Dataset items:
[Start of Attachment]
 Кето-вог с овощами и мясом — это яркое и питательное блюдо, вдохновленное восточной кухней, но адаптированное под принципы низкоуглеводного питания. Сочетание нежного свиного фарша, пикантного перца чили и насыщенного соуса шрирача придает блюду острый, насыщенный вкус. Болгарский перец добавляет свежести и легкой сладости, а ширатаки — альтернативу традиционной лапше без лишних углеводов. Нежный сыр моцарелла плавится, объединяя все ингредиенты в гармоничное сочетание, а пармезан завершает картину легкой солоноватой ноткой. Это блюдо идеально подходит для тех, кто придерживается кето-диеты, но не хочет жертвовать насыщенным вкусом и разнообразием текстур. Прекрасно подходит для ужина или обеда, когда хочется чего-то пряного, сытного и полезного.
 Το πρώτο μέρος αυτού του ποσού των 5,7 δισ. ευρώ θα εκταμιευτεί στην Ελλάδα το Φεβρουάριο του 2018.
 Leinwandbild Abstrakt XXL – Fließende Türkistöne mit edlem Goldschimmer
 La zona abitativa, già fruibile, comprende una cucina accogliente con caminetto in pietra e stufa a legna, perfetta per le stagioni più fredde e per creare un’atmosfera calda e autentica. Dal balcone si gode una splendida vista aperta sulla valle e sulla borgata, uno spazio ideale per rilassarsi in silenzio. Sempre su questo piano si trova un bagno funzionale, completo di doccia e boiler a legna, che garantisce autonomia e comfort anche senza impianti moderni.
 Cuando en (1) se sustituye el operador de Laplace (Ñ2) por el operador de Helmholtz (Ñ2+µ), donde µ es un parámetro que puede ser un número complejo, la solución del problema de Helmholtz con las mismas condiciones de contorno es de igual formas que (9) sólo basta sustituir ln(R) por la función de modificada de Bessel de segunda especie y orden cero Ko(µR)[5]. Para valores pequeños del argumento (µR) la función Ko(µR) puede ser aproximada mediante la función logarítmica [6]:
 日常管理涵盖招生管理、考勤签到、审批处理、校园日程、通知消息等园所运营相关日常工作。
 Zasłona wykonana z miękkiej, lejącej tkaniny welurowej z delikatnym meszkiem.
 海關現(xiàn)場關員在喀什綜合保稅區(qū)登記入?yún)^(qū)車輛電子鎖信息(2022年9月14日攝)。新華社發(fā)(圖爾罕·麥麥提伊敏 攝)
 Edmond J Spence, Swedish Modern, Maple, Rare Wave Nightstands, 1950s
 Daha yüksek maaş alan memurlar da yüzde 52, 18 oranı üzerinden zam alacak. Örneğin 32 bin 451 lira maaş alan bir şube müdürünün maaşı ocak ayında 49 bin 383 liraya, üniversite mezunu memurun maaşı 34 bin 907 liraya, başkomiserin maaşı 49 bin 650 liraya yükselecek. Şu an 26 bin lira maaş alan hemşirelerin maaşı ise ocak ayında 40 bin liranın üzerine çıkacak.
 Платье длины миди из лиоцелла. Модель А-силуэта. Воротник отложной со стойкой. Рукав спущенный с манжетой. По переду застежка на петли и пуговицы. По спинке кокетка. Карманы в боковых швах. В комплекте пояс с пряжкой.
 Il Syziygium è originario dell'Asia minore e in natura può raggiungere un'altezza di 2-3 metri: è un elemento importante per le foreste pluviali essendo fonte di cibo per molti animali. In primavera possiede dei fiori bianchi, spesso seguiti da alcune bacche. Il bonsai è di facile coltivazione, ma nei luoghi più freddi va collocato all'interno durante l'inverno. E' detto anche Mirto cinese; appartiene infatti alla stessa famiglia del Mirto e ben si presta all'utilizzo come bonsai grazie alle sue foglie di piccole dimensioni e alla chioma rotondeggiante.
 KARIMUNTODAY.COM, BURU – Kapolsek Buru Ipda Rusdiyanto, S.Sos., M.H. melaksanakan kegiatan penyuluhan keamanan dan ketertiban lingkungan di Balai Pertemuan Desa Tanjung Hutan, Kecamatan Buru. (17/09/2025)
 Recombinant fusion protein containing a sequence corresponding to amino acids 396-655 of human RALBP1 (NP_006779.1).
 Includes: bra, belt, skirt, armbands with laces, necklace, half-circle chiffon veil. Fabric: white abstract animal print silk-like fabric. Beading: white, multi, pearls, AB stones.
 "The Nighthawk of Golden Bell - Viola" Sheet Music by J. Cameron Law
[End of Attachment]
The response must hold only the lines above from the line with "Edmond J Spence, Swedish" through the line with "Платье длины миди", each copied exactly, both ends kept.

 Edmond J Spence, Swedish Modern, Maple, Rare Wave Nightstands, 1950s
 Daha yüksek maaş alan memurlar da yüzde 52, 18 oranı üzerinden zam alacak. Örneğin 32 bin 451 lira maaş alan bir şube müdürünün maaşı ocak ayında 49 bin 383 liraya, üniversite mezunu memurun maaşı 34 bin 907 liraya, başkomiserin maaşı 49 bin 650 liraya yükselecek. Şu an 26 bin lira maaş alan hemşirelerin maaşı ise ocak ayında 40 bin liranın üzerine çıkacak.
 Платье длины миди из лиоцелла. Модель А-силуэта. Воротник отложной со стойкой. Рукав спущенный с манжетой. По переду застежка на петли и пуговицы. По спинке кокетка. Карманы в боковых швах. В комплекте пояс с пряжкой.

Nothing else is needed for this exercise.